EXTRACTED DATA:
□ □ □ □ □ □ □

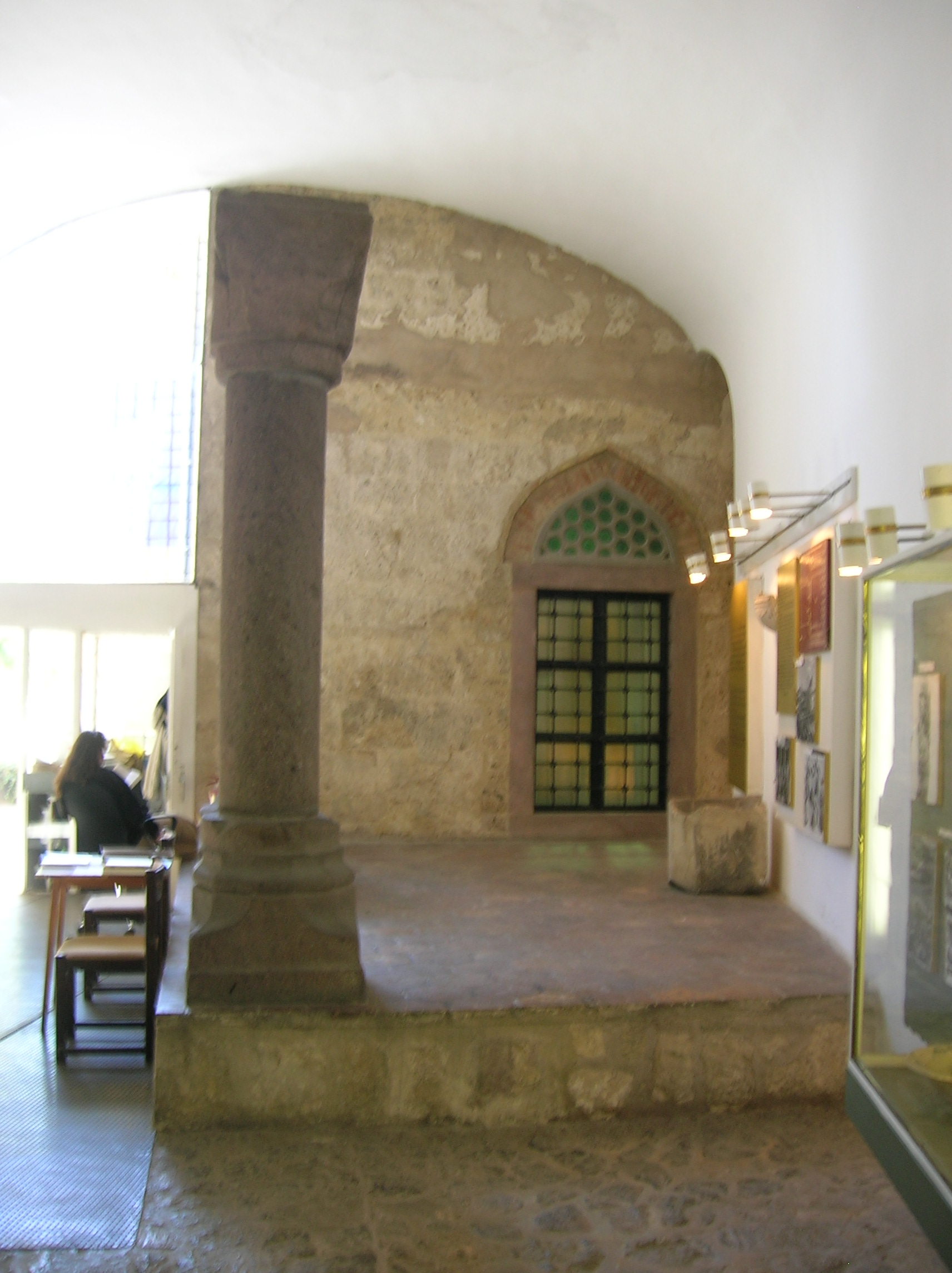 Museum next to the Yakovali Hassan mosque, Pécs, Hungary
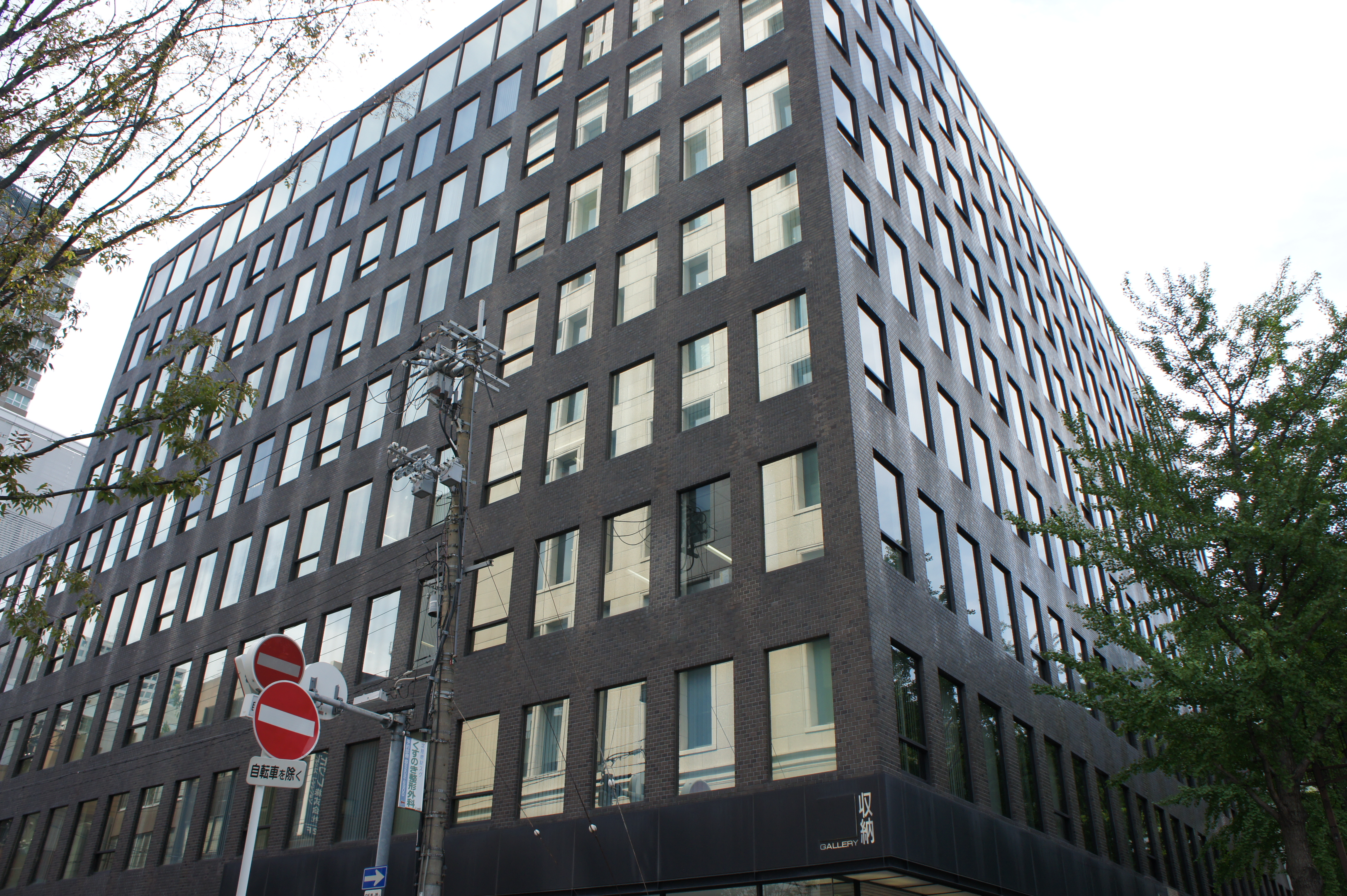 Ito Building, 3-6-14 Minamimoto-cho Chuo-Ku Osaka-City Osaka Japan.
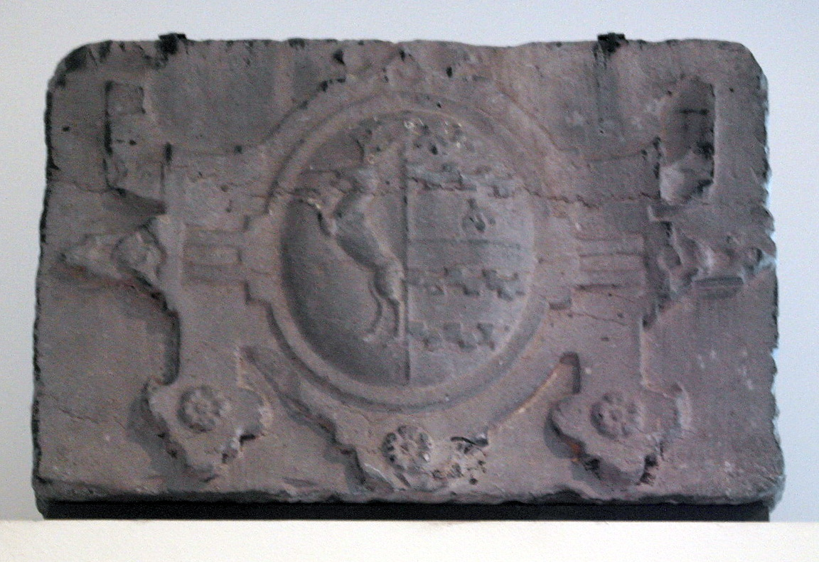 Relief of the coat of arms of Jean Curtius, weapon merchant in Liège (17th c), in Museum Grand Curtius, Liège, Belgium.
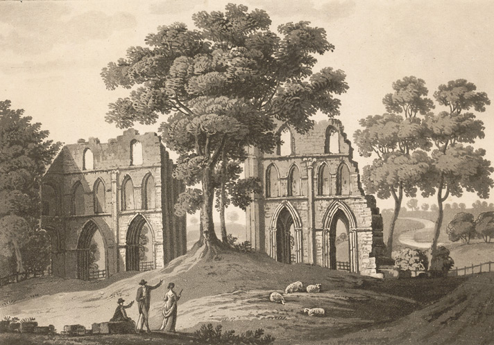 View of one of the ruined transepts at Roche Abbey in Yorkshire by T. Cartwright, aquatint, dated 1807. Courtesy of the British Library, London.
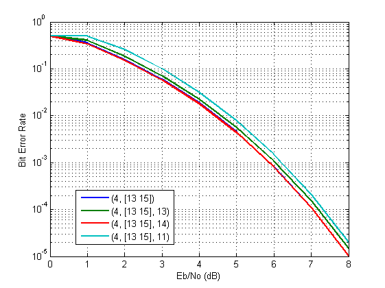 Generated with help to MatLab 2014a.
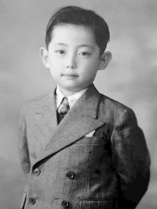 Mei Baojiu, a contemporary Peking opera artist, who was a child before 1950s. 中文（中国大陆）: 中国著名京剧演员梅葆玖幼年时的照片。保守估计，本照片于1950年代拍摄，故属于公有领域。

□ □ □ □ □ □ □

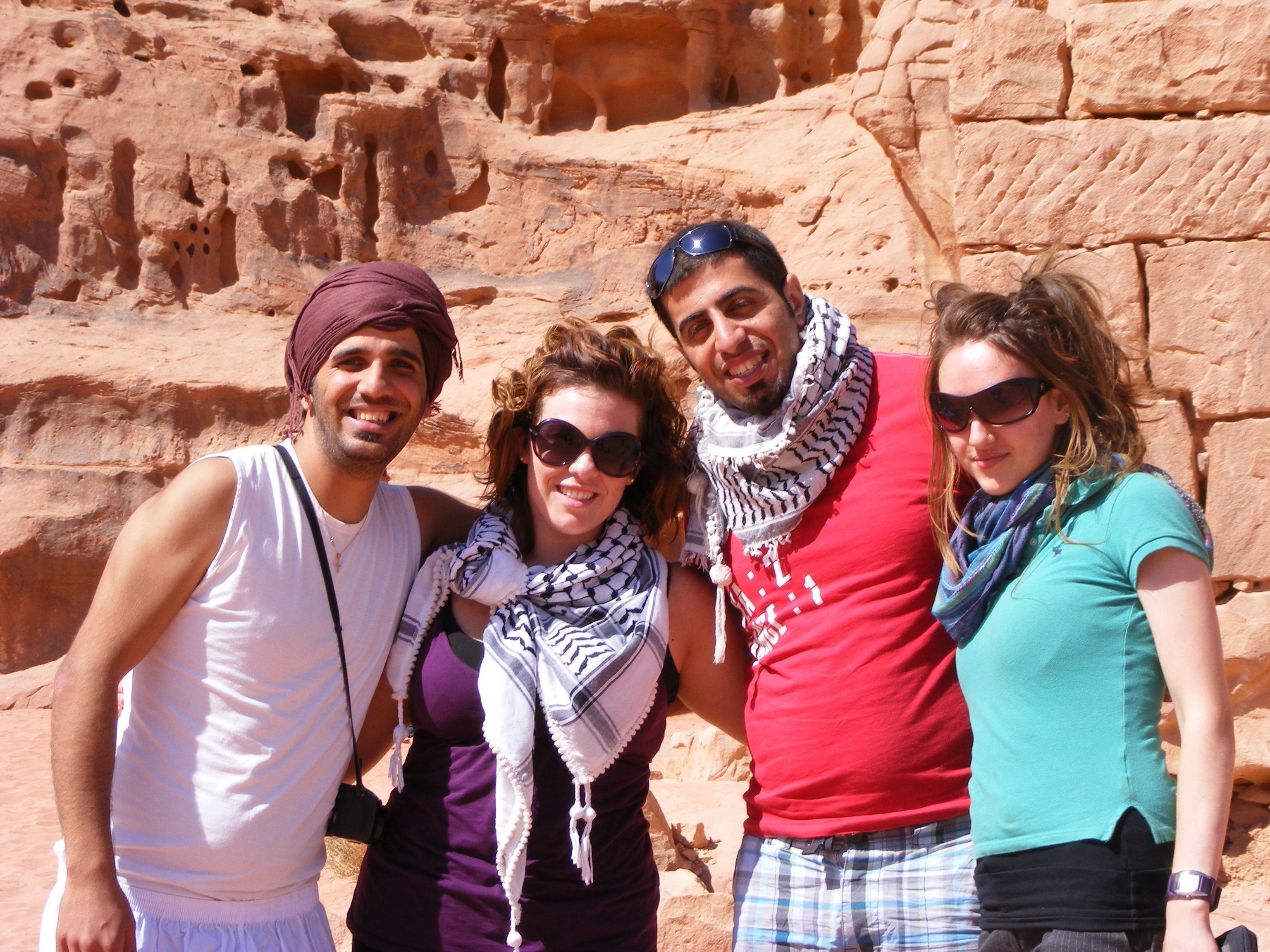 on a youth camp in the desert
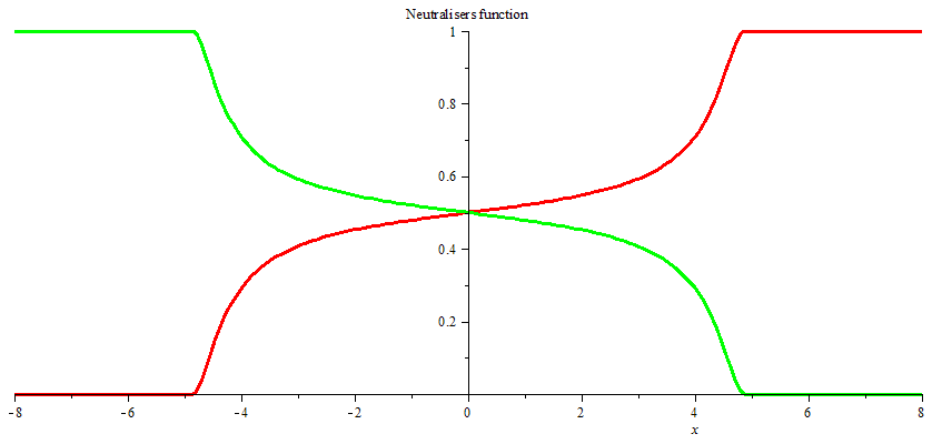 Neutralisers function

□ □ □ □ □ □ □

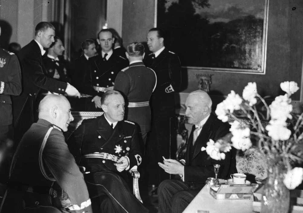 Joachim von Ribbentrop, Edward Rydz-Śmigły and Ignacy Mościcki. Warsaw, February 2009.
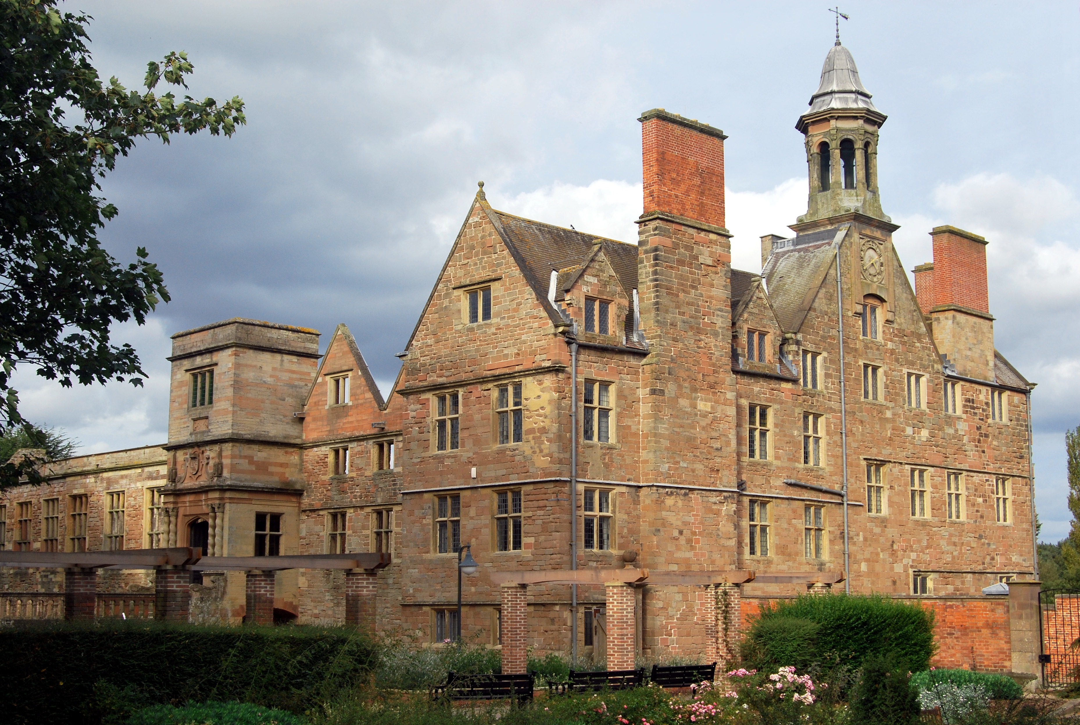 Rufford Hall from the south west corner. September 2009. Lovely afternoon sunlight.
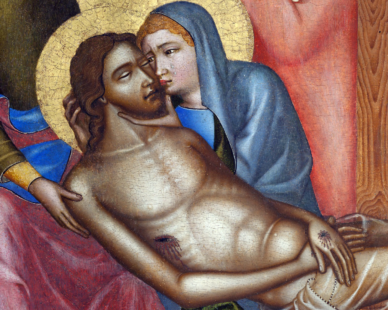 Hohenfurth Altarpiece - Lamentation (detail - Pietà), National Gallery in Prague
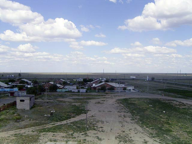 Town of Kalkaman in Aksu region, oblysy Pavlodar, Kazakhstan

□ □ □ □ □ □ □

PROBLEM TO WORK ON:
The lines to set down run from the line with "Generated with help to MatLab 2014a." up to and including the line with "Mei Baojiu, a" in the entries above. Reproduce them exactly, with no pictures.

RESULT OF THIS EXERCISE:
 Generated with help to MatLab 2014a.
 Mei Baojiu, a contemporary Peking opera artist, who was a child before 1950s. 中文（中国大陆）: 中国著名京剧演员梅葆玖幼年时的照片。保守估计，本照片于1950年代拍摄，故属于公有领域。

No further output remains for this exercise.